The Green Revolution has not been without drawbacks, and it is these to which the Prince of Wales is alluding. It has forced millions of farmers to grow crops commercially, instead of for their own subsistence, leading many into unsustainable debts. Critics such as Vandana Shiva, an Indian environmentalist, also argue that it has increased soil erosion and drought, while reducing soil fertility.
For most scientists, however, the chief problem with the Green Revolution is that it has not gone far enough. Conventional breeding of new varieties has become subject to the law of diminishing returns, and is no longer delivering the huge improvements in yield on which India, with its growing population, has come to rely. Transgenic technology is one tool that is being explored to deliver new crops that meet this great need.
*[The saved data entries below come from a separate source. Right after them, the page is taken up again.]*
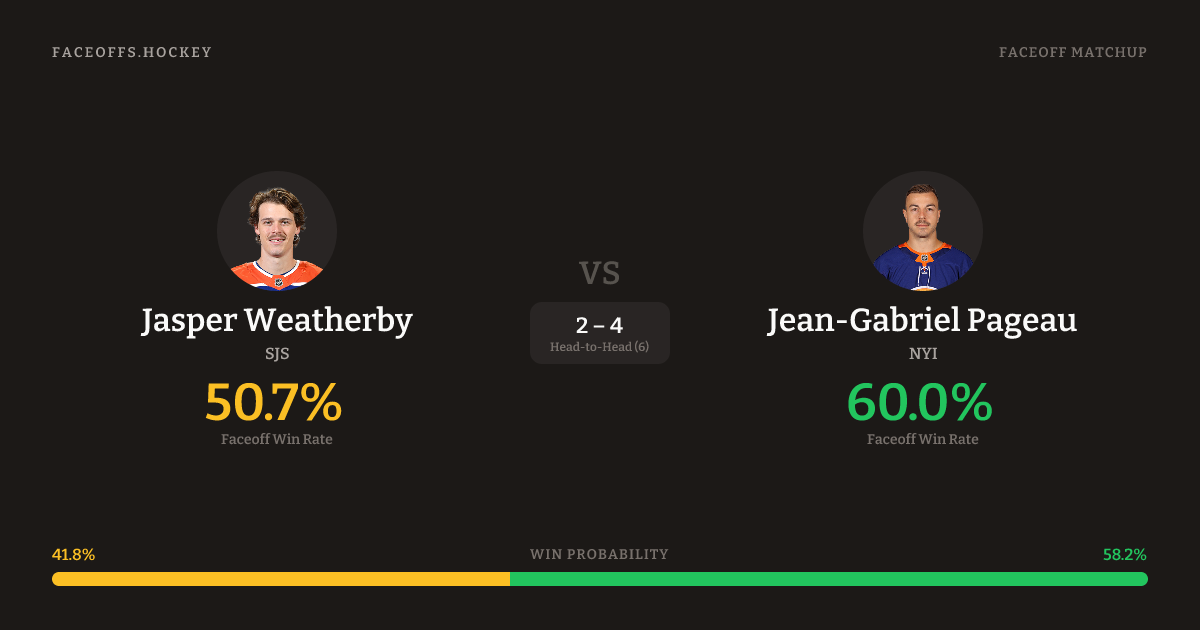 Jasper Weatherby vs Jean-Gabriel Pageau — Faceoff Head-to-Head
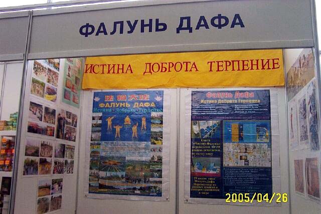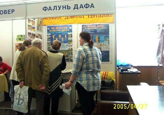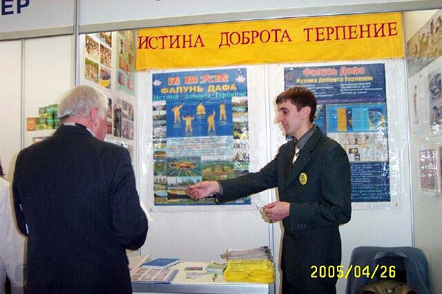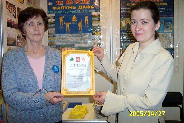 ![]() 展位前的观众 | ![]() 展台前炼功 | ![]() 为莫斯科法轮大法学会颁发的奖状 |
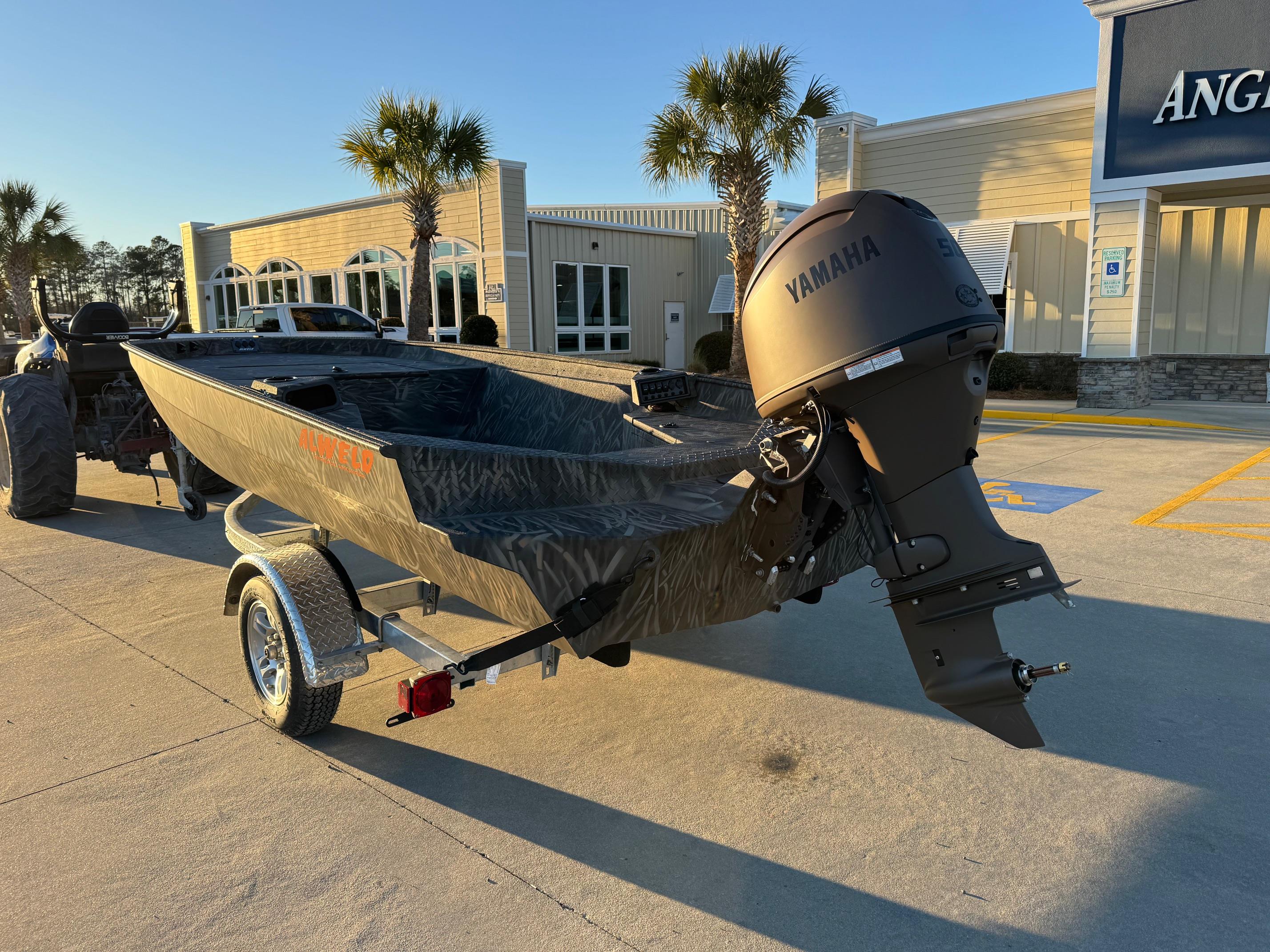 This 2026 Alweld 1652 Invader Jon boat is powered by a Matte Brown Yamaha 50HP tiller. The Invader series is built for serious duck hunting. It's sleek and rugged construction will ensure you get to your favorite spots fast and in one piece. The Invader series boats come standard with rear pod seating with storage underneath and a trolling motor bracket with plug. Come see this boat at our Supply, NC location or call 910-755-7900 for more information.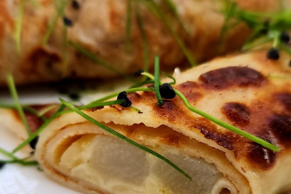 Die Inspiration stammt von Carmen und diese wiederum von ihrer Kommilitonin Pascale. Pfannkuchen aus Emmermehl, gefüllt mit weißem Spargel, einer Art Sauce Bernaise und etwas geriebener Käse.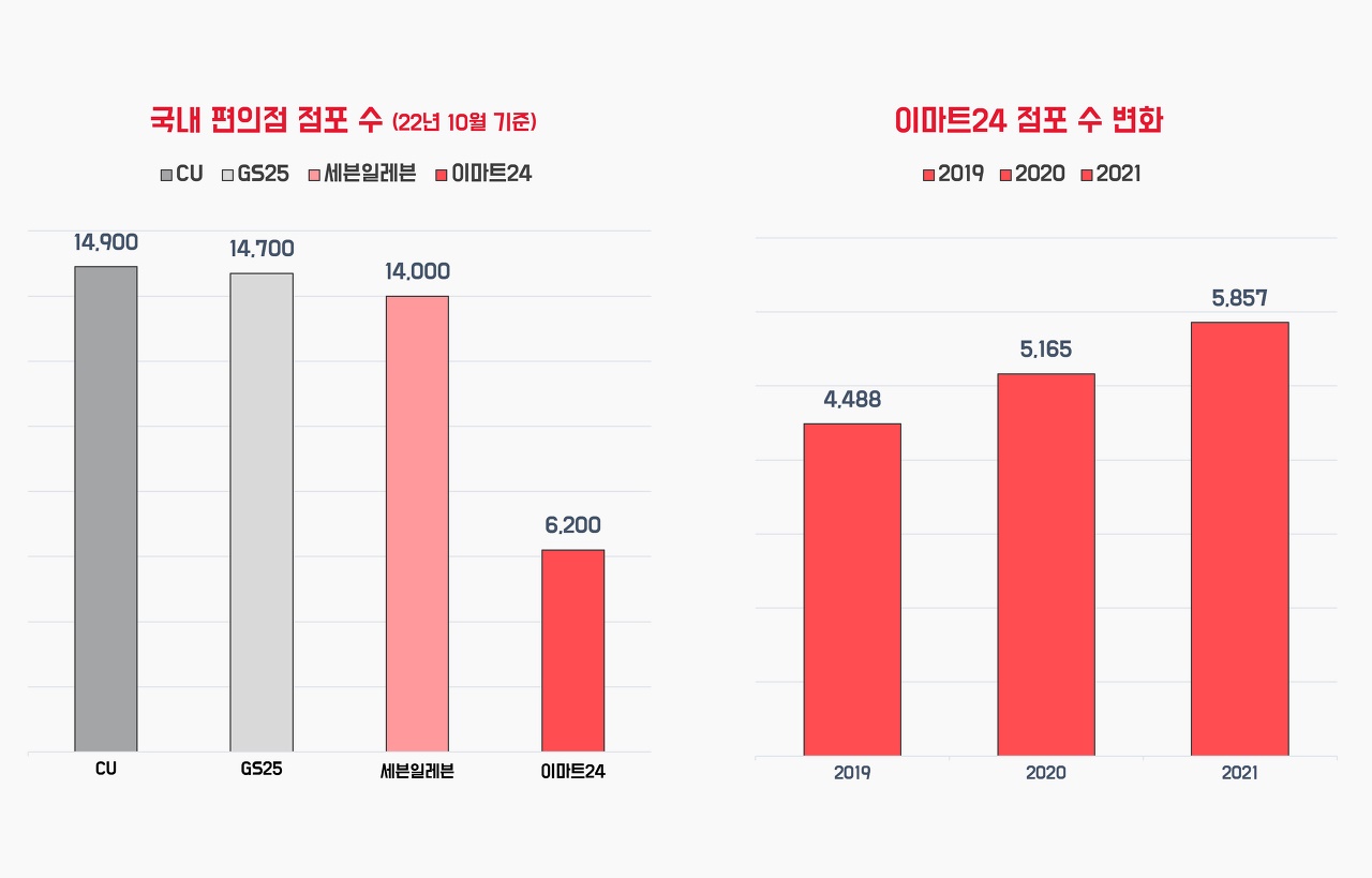 물론 이마트24는 시작점부터 불공평하긴 했습니다. 신세계는 지난 2013년 말에야 위드미 인수로 편의점 업계에 진출했는데요. 이는 주요 경쟁자들의 업력이 대부분 30년을 넘어선 시점으로 상당한 후발주자였기 때문입니다. 그리고 2017년 이름을 이마트24로 변경하면서 승부수를 띄웠는데요. 오히려 근래 들어 상황은 더욱 어려워지고 있습니다.

Claim: “If you are not working with natural assistance, you cause untold problems which become very expensive and difficult to undo. It places impossible burdens on nature and leads to accumulating problems which become more difficult to sort out”
Analysis
The Prince is quite correct to regard modern agriculture as unnatural, but the same is true of every system of agriculture that has been tried — including his beloved organic methods. For as long as human beings have been farming crops, we have been seeking to manipulate nature, to produce plants that are higher-yielding and more nutritious, and that are eaten by as few species as possible besides us. Conventional breeding is in itself a form of unnatural genetic modification.
Where the Prince is right is that it is important to understand how farming affects the environment, so that it can be pursued without killing the goose that lays the golden egg. Past agricultural practices have indeed caused lasting ecological damage, as with land clearances in Australia, but modern methods — including those that involve biotechnology — are increasingly designed with sustainability in mind.
Claim: “Gigantic corporations” are dominating agriculture, driving millions of small farmers off their land
Analysis
Many advocates of GM crops would find much common ground with the Prince on this issue. Global agriculture is increasingly dominated by large corporations — big companies such as Monsanto and Dupont who produce modern seed varieties, and the pesticides and fertilisers that are often necessary to grow them. Many scientists are worried about the influence of this industry, on which small farmers have come to rely.
The problem, however, is largely independent of GM crops: it predates their invention, and would survive their disappearance. Ottoline Leyser, a plant geneticist at the University of York, said: “If there were a total world ban on GM tomorrow, it would have no effect at all on the dominance on big multinational companies.”
Many efforts to develop improved seed varieties for developing countries, by both conventional and GM methods, are also undertaken by public sector scientists working for governments, universities and charities. It is something of an irony that the public backlash against GM in Europe has made it harder for these bodies to secure funding, making it easier for the big multinationals to dominate this technological field.